** INPUT follows **
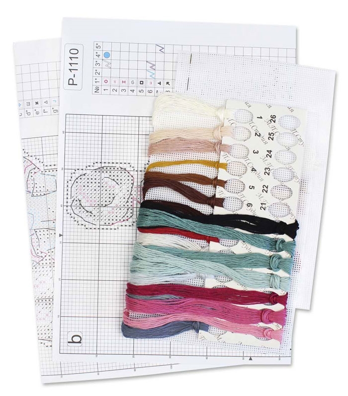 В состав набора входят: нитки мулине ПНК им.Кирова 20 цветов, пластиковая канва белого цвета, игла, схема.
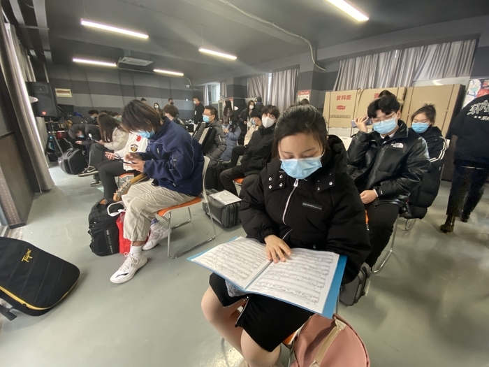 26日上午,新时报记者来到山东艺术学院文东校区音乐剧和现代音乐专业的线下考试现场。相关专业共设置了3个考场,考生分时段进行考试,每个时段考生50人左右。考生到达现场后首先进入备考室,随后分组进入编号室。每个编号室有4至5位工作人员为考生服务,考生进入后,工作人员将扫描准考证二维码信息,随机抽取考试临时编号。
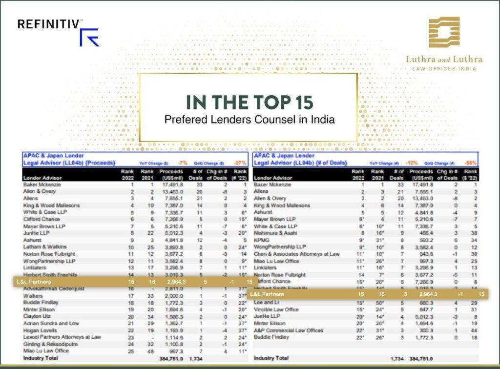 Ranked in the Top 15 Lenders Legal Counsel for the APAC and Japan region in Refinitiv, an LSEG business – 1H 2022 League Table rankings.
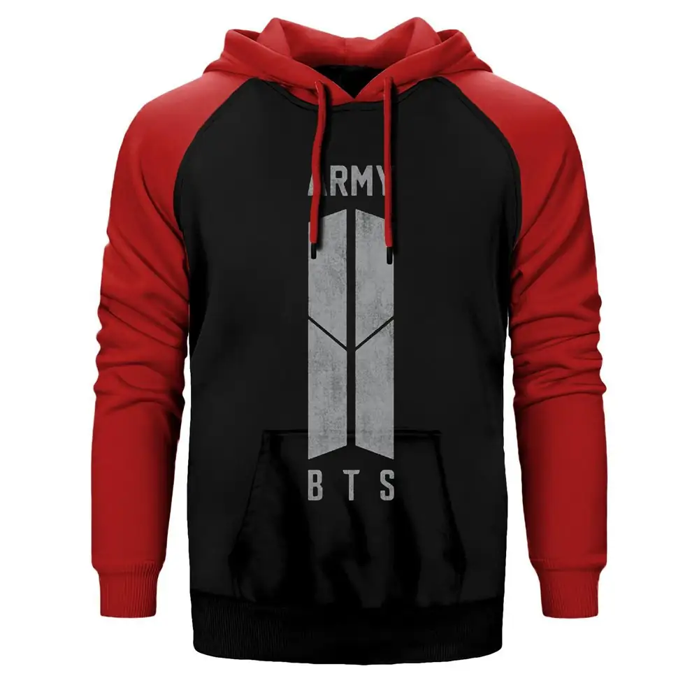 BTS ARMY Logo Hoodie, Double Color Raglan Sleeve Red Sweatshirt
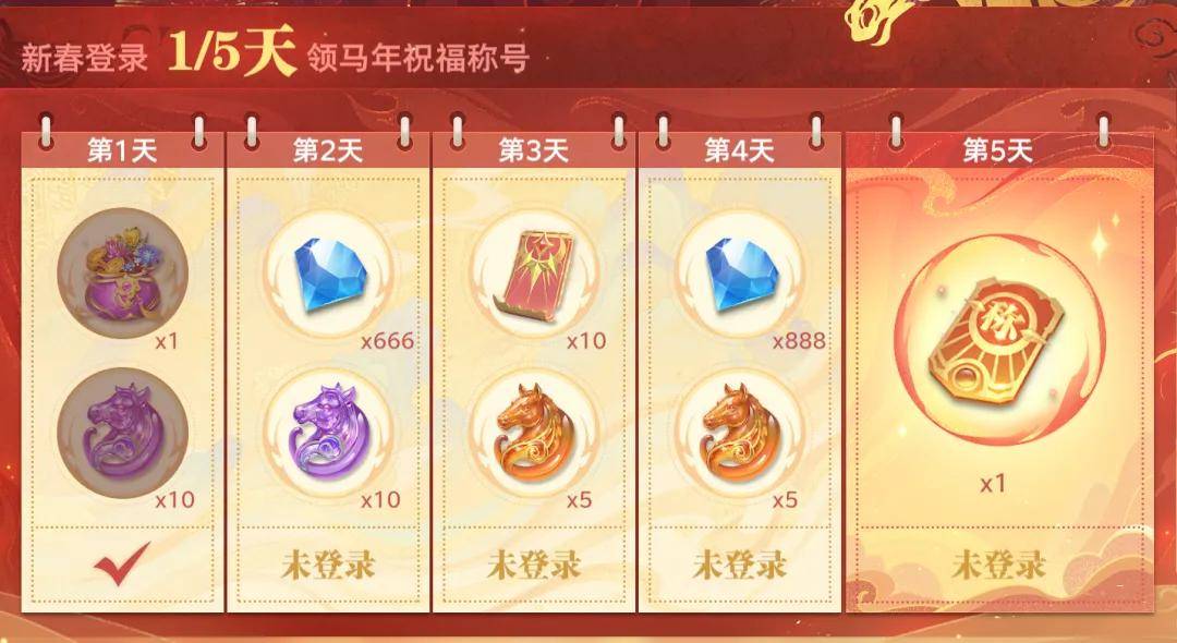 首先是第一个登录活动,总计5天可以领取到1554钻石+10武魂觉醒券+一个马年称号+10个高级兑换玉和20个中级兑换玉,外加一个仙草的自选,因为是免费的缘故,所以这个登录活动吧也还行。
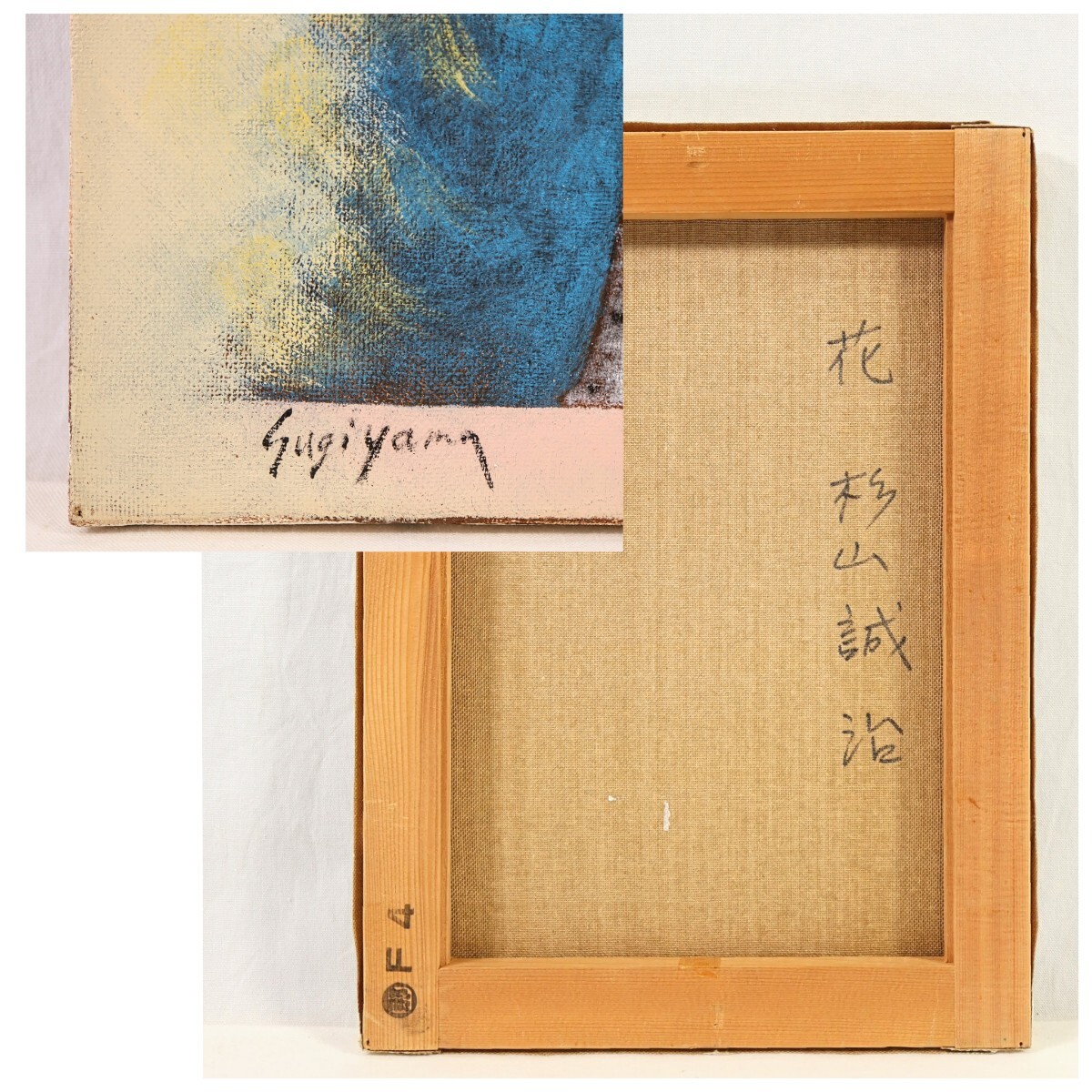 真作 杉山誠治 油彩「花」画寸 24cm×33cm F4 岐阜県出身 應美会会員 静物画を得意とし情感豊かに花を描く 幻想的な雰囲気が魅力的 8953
** End of INPUT **
EXERCISE REQUIREMENTS
Print exactly the span of lines that begins with the line containing "Ranked in the" and ends with the last line of the listing, with no pictures.

THE ANSWER
 Ranked in the Top 15 Lenders Legal Counsel for the APAC and Japan region in Refinitiv, an LSEG business – 1H 2022 League Table rankings.
 BTS ARMY Logo Hoodie, Double Color Raglan Sleeve Red Sweatshirt
 首先是第一个登录活动,总计5天可以领取到1554钻石+10武魂觉醒券+一个马年称号+10个高级兑换玉和20个中级兑换玉,外加一个仙草的自选,因为是免费的缘故,所以这个登录活动吧也还行。
 真作 杉山誠治 油彩「花」画寸 24cm×33cm F4 岐阜県出身 應美会会員 静物画を得意とし情感豊かに花を描く 幻想的な雰囲気が魅力的 8953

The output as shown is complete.